*Data section*
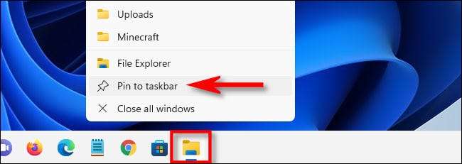 Después de eso, el icono del Explorador de archivos se mantendrá en su barra de tareas, incluso si cierra la ventana del Explorador de archivos. Si lo desea, puede hacer clic y arrastrar el icono en la barra de tareas para reposicionarlo.
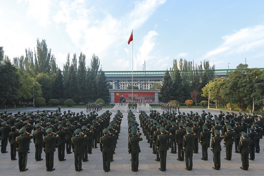 五星紅旗迎風(fēng)飄揚,雄壯國歌響徹軍營。10月1日,武警青??傟犅≈嘏e行升國旗儀式,用軍人獨特的方式向偉大祖國致敬,向祖國母親73歲華誕獻禮。
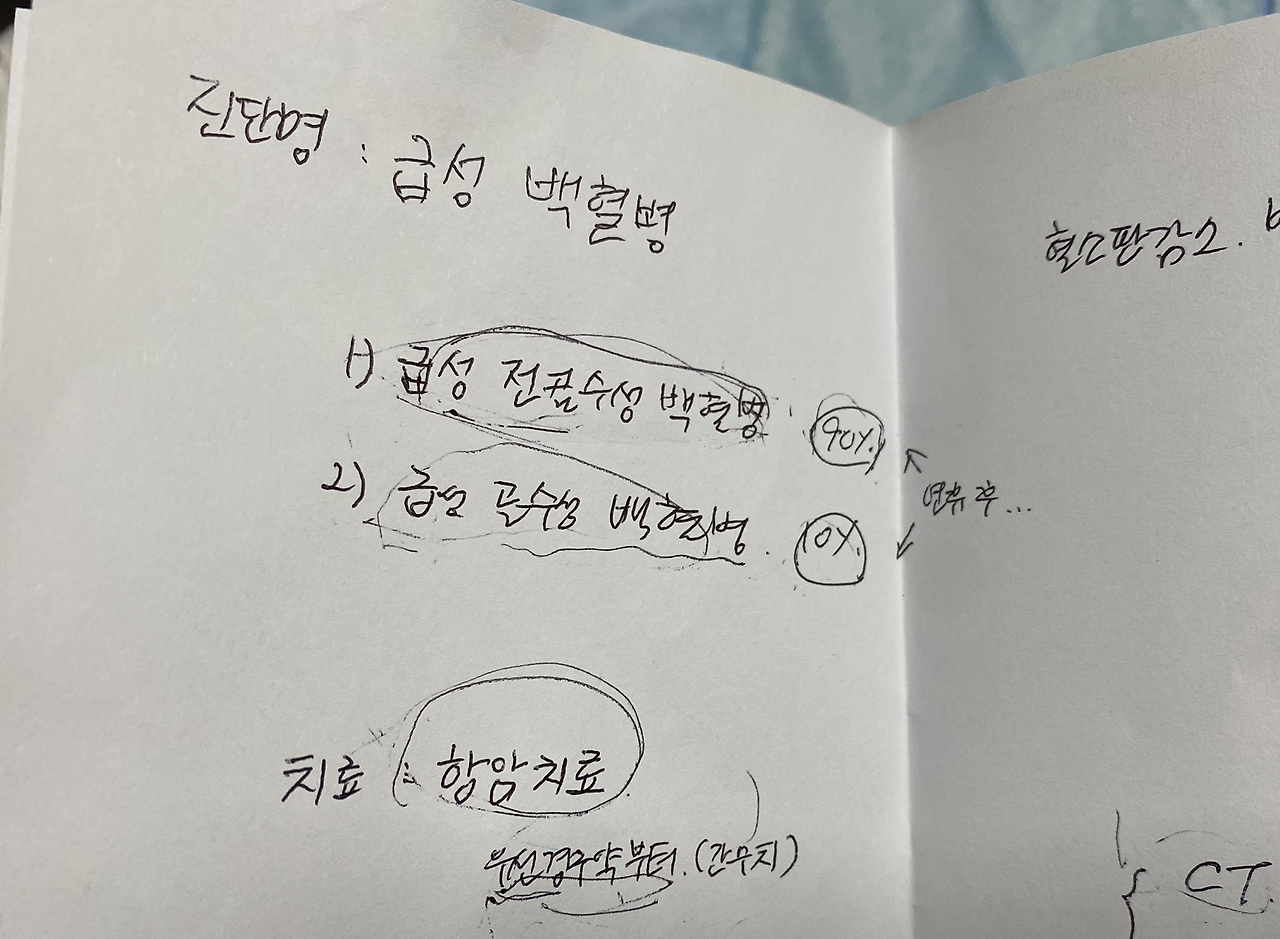 “원인은 딱히 없습니다. 그래서 급성인 거고 그나마 다행히 급성 전골수성 백혈병(APL)과 급성 골수성 백혈병(AML)이 있는데..(뒤에 설명이 기억이 안 난다..) 치료 시기가 늦지 않게 오셨고… (뒤에 말이 기억이 안난다.)”
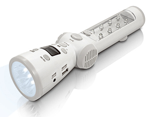 ラジオの緊急警報放送/緊急地震速報と連動し、放送信号を受信するとラジオを自動で起動して知らせる充電式のFM/AMラジオライト。ラジオは主電源を切っていても常に受信する。受信と同時にLEDライトも自動点灯するので、夜間や就寝時の警戒受信用として役立つ。

*Task prompt*
The data above should be returned in full, exactly as written, apart from its images.

*Exercise solution*
 Después de eso, el icono del Explorador de archivos se mantendrá en su barra de tareas, incluso si cierra la ventana del Explorador de archivos. Si lo desea, puede hacer clic y arrastrar el icono en la barra de tareas para reposicionarlo.
 五星紅旗迎風(fēng)飄揚,雄壯國歌響徹軍營。10月1日,武警青??傟犅≈嘏e行升國旗儀式,用軍人獨特的方式向偉大祖國致敬,向祖國母親73歲華誕獻禮。
 “원인은 딱히 없습니다. 그래서 급성인 거고 그나마 다행히 급성 전골수성 백혈병(APL)과 급성 골수성 백혈병(AML)이 있는데..(뒤에 설명이 기억이 안 난다..) 치료 시기가 늦지 않게 오셨고… (뒤에 말이 기억이 안난다.)”
 ラジオの緊急警報放送/緊急地震速報と連動し、放送信号を受信するとラジオを自動で起動して知らせる充電式のFM/AMラジオライト。ラジオは主電源を切っていても常に受信する。受信と同時にLEDライトも自動点灯するので、夜間や就寝時の警戒受信用として役立つ。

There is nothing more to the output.